Актриса Ирина Мирошниченко предпочитает не строить планов, а просто использует шансы, которые даёт судьба
– В одном из своих недавних интервью, Ирина Петровна, вы сказали, что часто плачете...
– Плачу, причём по любому поводу. Могу заплакать от хорошего фильма, от обиды и даже просто потому, что не получается справиться с нервами. За жизнь, вы это наверняка и сами понимаете, у меня бывали разные ситуации, и среди них выпадало много горьких минут. Правда, о них очень мало кто знает.
– Но это как-то не вяжется с общим представлением о вас – популярнейшей актрисе и просто красавице, которую принято считать железной леди да к тому же баловнем судьбы!
– Я баловень судьбы? Вот ведь как интересно иногда бывает послушать про себя со стороны… Нет, это, наверное, уже слишком. Я актриса, а в этой профессии бывают не только успехи и овации. Радости, конечно, немало, и жить без творчества я бы в любом случае не могла.
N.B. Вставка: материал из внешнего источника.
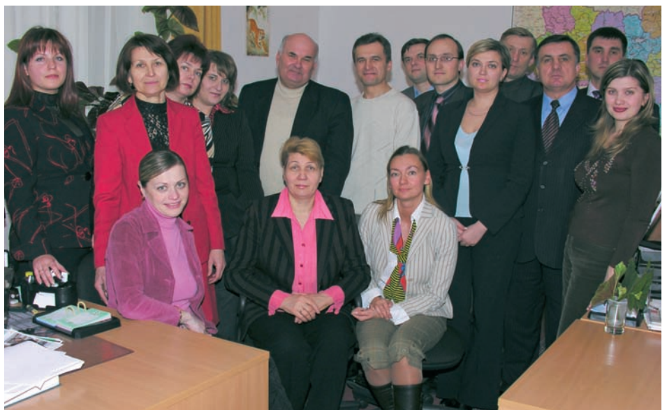
Згуртований колектив 2006 року

Як відомо, Центральна виборча комісія здійснює контроль за діяльністю та консультативно-методичне забезпечення виборчих комісій, які утворюються для організації підготовки та проведення місцевих виборів. Значне місце у цій сфері належить управлінню, адже саме на нього покладаються повноваження щодо забез-
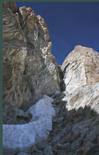
Brecha de Latour
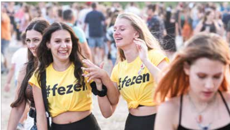
Óriási bulik, partihangulat, jó társaság – közel ötvenezer vendéget várnak a négy nap alatt

Но и трудностей сколько угодно. Любой артист постоянно зависит от других людей, и я не знаю ни одного, которому бы не приходилось терпеть сложности отношения к нему окружающих. Поэтому что уж тут говорить о баловнях...
– Так, значит, ваша ослепительная улыбка действительно не вполне искренна?
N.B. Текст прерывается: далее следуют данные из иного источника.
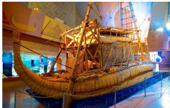
Flottar från Thor Heyerdahls upptäcktsfärder

en mil utanför Oslo, ett känt skidcenter vintertid. Här kan man ta sig upp i hoppornet för magnifik utsikt eller bara promenera vid skidcentret där Anders Södergren en gång välkomnades av 50 000 norrmän när han vann femmilen 2006 och 2008. Den gamla hoppbacken är numera ersatt av en ny och större hoppbacke, som togs i bruk till Skid-VM i Oslo 2011. Efter detta besök med fantastisk utsikt över staden, tar vi fatt på hemresan mot Göteborg. Vi kör E6:an hela vägen, över Svinesundsbron och till Rasta Håby. Här serveras resans sista middag och vi beräknar att komma tillbaka till Göteborg runt kl. 20.30, och därefter till Frölunda en kvart senare.
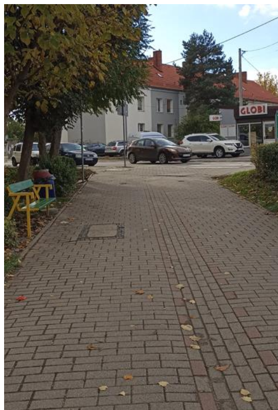
Dojście do budynku
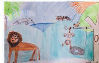
Sülle Szofi 4. b osztályos tanuló
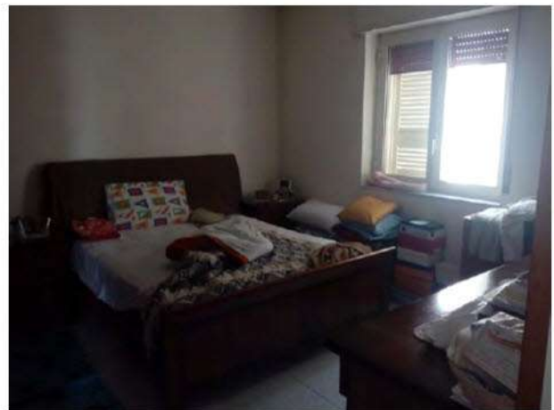
Seconda camera da letto

– Скажу вам так: мне легко. Потому что я всегда живу с ощущением, что в мире добро есть. И удивительная человеческая сердечность тоже есть. А всё это ты обязательно получишь, только если сам стремишься делать что-то хорошее, самосовершенствоваться и лететь вперёд. Мне кажется, в этом залог успеха.
– Да, но вы же согласитесь, что нередко случаются ситуации, когда творческий человек способен и хочет что-то сделать, но у него нет такой возможности?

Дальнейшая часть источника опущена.